The EUL pathway involves a rigorous assessment of late phase II and phase III clinical trial data as well as substantial additional data on safety, efficacy, quality and a risk management plan with a focus on low- and middle-income country needs. These data are reviewed by independent experts and WHO teams who consider the current body of evidence on the vaccine under consideration, the plans for monitoring its use, and plans for further studies.
As part of the EUL process, the company producing the vaccine must commit to continue to generate data to enable full licensure and WHO prequalification of the vaccine. The WHO prequalification process will assess additional clinical data generated from vaccine trials and deployment on a rolling basis to ensure the vaccine meets the necessary standards of quality, safety and efficacy for broader availability.
WHO has already listed the Pfizer/BioNTech, Astrazeneca-SK Bio, Serum Institute of India, Astra Zeneca EU, Janssen, Moderna and Sinopharm vaccines for emergency use.
SAGE is the principal advisory group to WHO for vaccines and immunization. It is charged with advising WHO on overall global policies and strategies, ranging from vaccines and immunization technology, research and development, to delivery of immunization and its linkages with other health interventions. SAGE is concerned not just with childhood vaccines and immunization, but all vaccine-preventable diseases.
SAGE assesses evidence on safety, efficacy, effectiveness, impact and programmatic suitability, considering both individual and public health impact. SAGE Interim recommendations for EUL products provide guidance for national vaccination policy makers. These recommendations are updated as additional evidence becomes available and as there are changes to the epidemiology of disease and the availability of additional vaccines and other disease control interventions.
SAGE has issued recommendations on Pfizer (8 January 2021), Moderna (25 January 2021), AstraZeneca (21 April 2021), Janssen COVID (17 March 2021) and Sinopharm (7 May 2021) vaccines, as well as issued a framework for access and population prioritization roadmap. The SAGE interim recommendations on Sinovac-CoronaVac are available online as of today.

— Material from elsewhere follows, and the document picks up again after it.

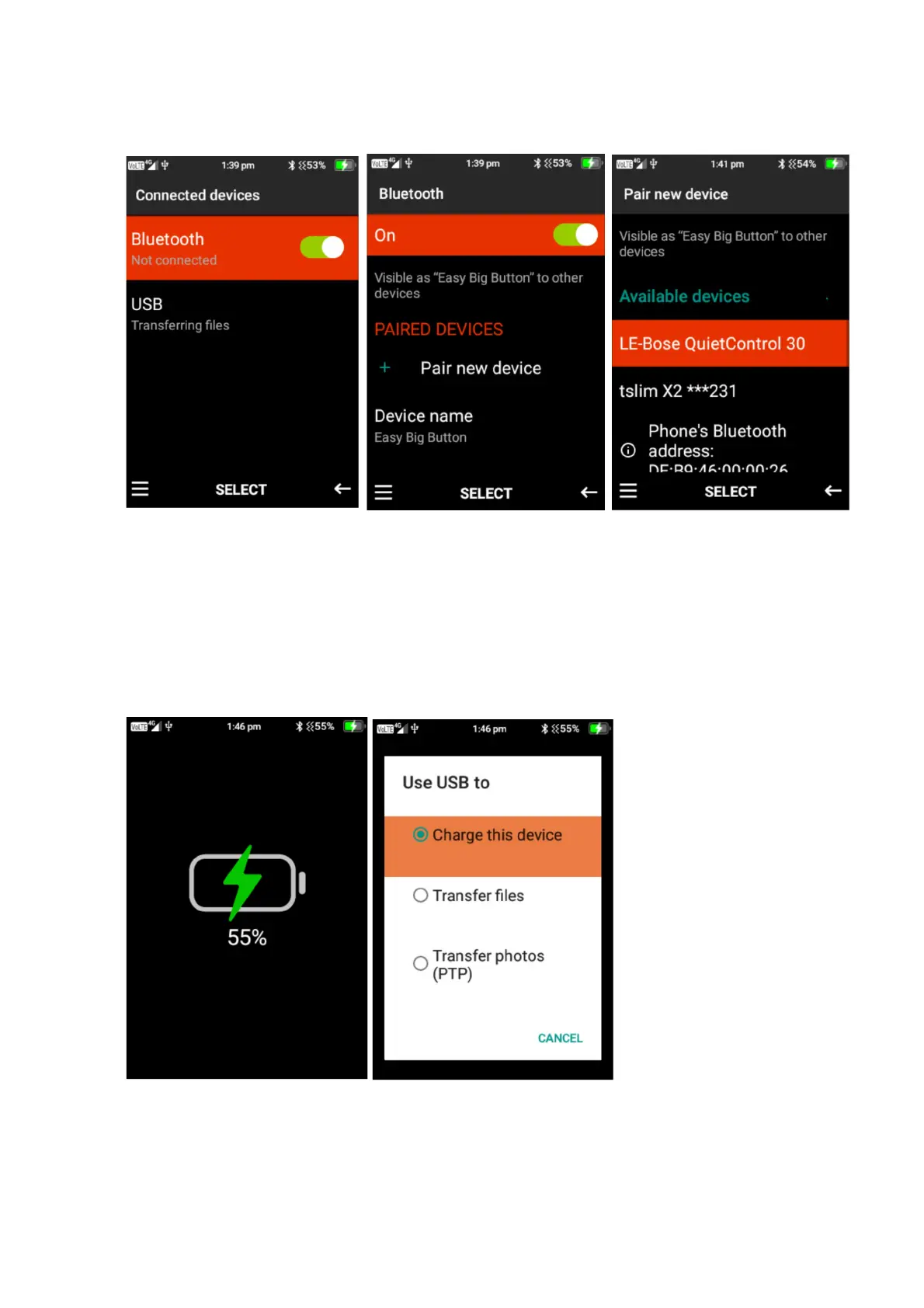 port. Once connected it will show it is charging, press select to change to transfer files or

SAGE and EUL recommendations are complementary but independent processes. The EUL process is centred on determining if a manufactured product is quality-assured, safe and effective. SAGE is policy oriented, assessing safety, efficacy, public health impact, and programmatic feasibility. Policy recommendations for a vaccine are generally made only for those products that have been listed or authorized for use.
In the context of COVID-19 and due the pressing need for vaccines, the Secretariat of SAGE and the EUL team have been working in parallel to allow WHO EUL and policy recommendations, based on the available evidence, to be issued in a synchronized manner.